Olive rode straight-backed, and a little wide-eyed, through the streets of the town, trying hard to keep her eyes on the horse's ears. Just as something to focus on. Something
else to focus on beside the growing number of gazes glued to her. With the Mark embroidered on her riding coat, she felt like a sitting duck. But the stares and whispers she garnered as the assembly passed through the town didn’t feel threatening, or aggressive exactly. Olive wasn’t sure what they
were, though. The attention made her feel uneasy and uncomfortable, whatever the people were thinking. It wasn’t like being in the castle, where the people there were at least people she knew (and knew her), at least many of them. This felt like being on display.
As they rode, Olive’s eyes strayed from the horse to peer back at a group of people from the corner of her eye. A small girl, likely too young to know who she was, made eye contact with her, making Olive gulp. But she held the girl’s gaze until the horse had moved too far forward. At least, she thought, this way it wouldn’t be long until everyone knew she was alive.
What that would mean, though, she didn’t know.
It was a relief at first to exit the town and enter the cemetery. For a moment, Olive felt like she could breathe again. But it only lasted a moment before the drew up to the stone mausoleum. She froze in her saddle, at first unable or unwilling to dismount.
Could her parents really be in there?The soldiers all dismounted, though, and so did Erwin. So, numbly, Olive did likewise, accepting the hand of a soldier as she dismounted that she may otherwise have refused. When Erwin beckoned for Olive to follow him into the cold stone corridors of the resting place of the Dukes and Duchess of Wulfbauer, she hung back. Suddenly she did not want to go in. She didn’t want to see proof. Her instinct, in that moment, was to bolt. Like a rabbit or a deer fleeing its captors at the first chance. But she took a deep breath, and walked slowly into the torch-lit light of the mausoleum.
It felt like miles of stairs and corridors and catacombs before they reached more recent tombs. How long it really was, she had no idea. Her eyes, wide and a little shell-shocked, scanned the names of her predecessors until at least they came to the fresh, smooth granite that read
Duke Harlow Oliver Carwick
Duchess Caroline Livinia Carwick
Olive stopped dead in her tracks, clasping a hand to her mouth that covered a small choking sound. For many moments, she simply stared, frozen in place. It was true. She had known it was true. But in that moment, when she saw their names, it was real. She would never see her parents again.
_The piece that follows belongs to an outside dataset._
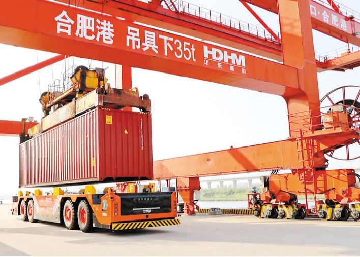 其中,合肥港綜合碼頭是南淝河港區(qū)最大的件雜貨和集裝箱裝卸碼頭,也是合肥港智能化水平最高的碼頭。配備3臺岸橋全部加裝自動對位系統(tǒng),6臺場橋全部改造為全自動場橋,同時配備了2臺國唐“鴻擎F01”IGV無人駕駛集卡車。2022年,合肥港綜合碼頭集裝箱吞吐量達(dá)42萬標(biāo)箱,2023年計劃吞吐量達(dá)45萬標(biāo)箱。
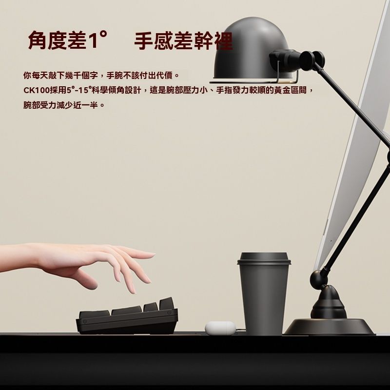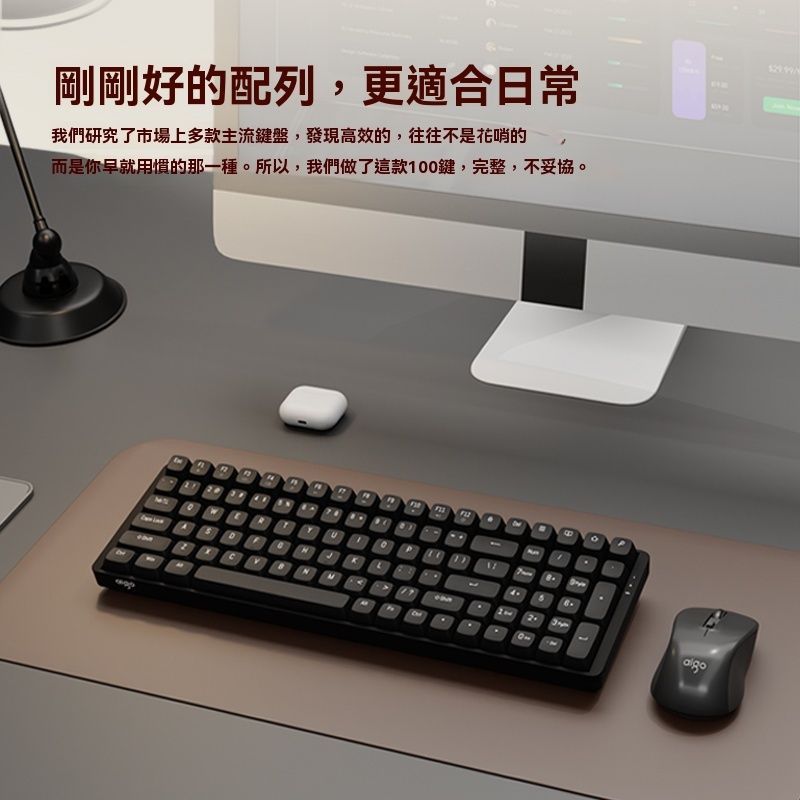 設計:鍵盤採用接近全尺寸的 100 鍵緊湊佈局,節省桌面空間。

She would never be able to make peace with them, to apologize to them, to forgive them, to tell them that she had come out fine, that she didn’t blame them. Never be able to tell them that she understood, now, why they had been so strict with her at times, why they didn’t want her to stand out, never thank them for how hard they must have fought to keep her with them, at home, and not with the Church. Never anything.
Her heart felt like it was going to burst. All the tension that had been between them before the war. All the time she’d spent worrying about them after. All the time, she knew, they must have spent worrying about her. She’d never even been allowed to send them a letter. And if they wrote any to her, she’d never received it.
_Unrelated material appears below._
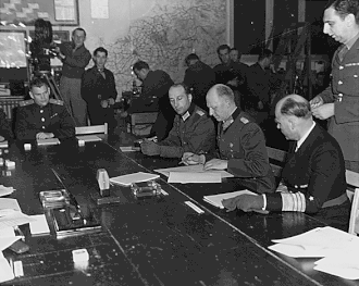 Op 4 mei tekende Von Friedeburg ter overstaan van Montgomery te Wendisch Evern, op de Lüneburger Heide, de overgave van de Duitse strijdkrachten in Noord-Duitsland, Nederland, Denemarken en Noorwegen, die de dag daarop inging. Daarna werd de Duitse delegatie overgebracht naar het geallieerde hoofdkwartier in de Franse stad Reims waar besprekingen begonnen over een algemene capitulatie. Kolonel-generaal Alfred Jodl vervoegde zich een dag later bij de Duitse delegatie in een ultieme poging om enkel voor de westerse mogendheden te capituleren. Toen dat niet lukte en de geallieerden dreigden alle Duitsers tegen te houden die voor de Russen op de vlucht waren, gaf Dönitz via de radio toestemming om de geallieerde eis in te willigen. Daarop ondertekende Jodl in de ochtend van 7 mei in Reims een akkoord over de onvoorwaardelijke overgave van alle Duitse strijdkrachten, die de dag daarop zou ingaan. Omdat de Sovjet-Unie bezwaar maakte tegen enkele bepalingen van de overeenkomst, werd in de nacht van 8 op 9 mei in het hoofdkwartier van generaal Georgi Zjoekov in Berlijn, in aanwezigheid van Russen, Amerikanen, Britten en Fransen, een nieuw capitulatiedocument ondertekend door generaal-veldmaarschalk Keitel (OKW), kolonel-generaal Stumpff (Luftwaffe) en admiraal Von Friedeburg. De Duitse delegatie keerde meteen daarop naar Flensburg terug.

What must they have thought became of me, she wondered,
when they went to their graves?Finally, she took a slow step first towards her father’s tomb. She’d had an easier relationship with her father. She’d known about his death, and had been able to mourn him. She touched it gently, then rested her forehead against the cold stone. Olive pressed her eyes shut tight, and her breath was heavy with emotion, but she wouldn’t let herself cry. Not in front of Erwin Therrien. For some reason, she just couldn’t. But she wished very much that she’d been allowed to go this far alone.
After several moments, she stepped away from her father’s tomb and stood in front of her mother’s. Her expression turned from sadness to simple disbelief. Her fingers traced lightly over the beveled letters of her mother’s name. Harlow had been a duke, a military man, Olive had been told of his death and, as much as it grieved her, she understood how it happened. But her mother… It had only been a matter of days since Olive had learned of her mother's death. She didn't even know how it had happened. It couldn't be true, but her fingers felt the truth of it written in the stone...
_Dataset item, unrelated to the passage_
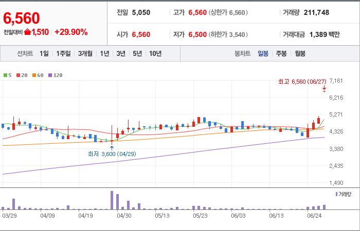 4,290시총: 1,373억원, 거래량:3,964, 거래대금:218백만
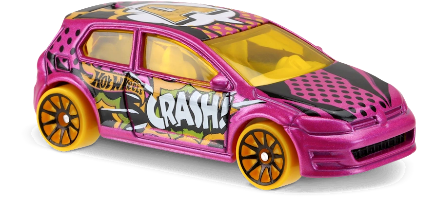 Pink | 'CRASH!' on left side, 'ZOOM' on right side, stripes on sides, Black stripes on hood, 'A' in cloud on roof | Black / Plastic |

”We fought the last time I saw her,” she said suddenly aloud, though it wasn’t clear if she was talking to Erwin or only herself.
”Because I’d cut my hair short. It was so stupid. To think of it now… I just can’t… I was never even able to send a letter, or…” Olive fell quiet for a moment, and if Erwin looked at her, the struggle to keep her emotions composed would be readily apparent. She took a long, ragged breath, then glanced back at the duke.
”Do you know… Do you know how she died? I didn’t, I only learned recently that...” She voice caught and she turned away from him, her gaze returning to the unbelievable letters of her mother’s name.
OOC: Since Erwin probably should know, Caroline died of influenza or consumption or something of that nature during the long winter.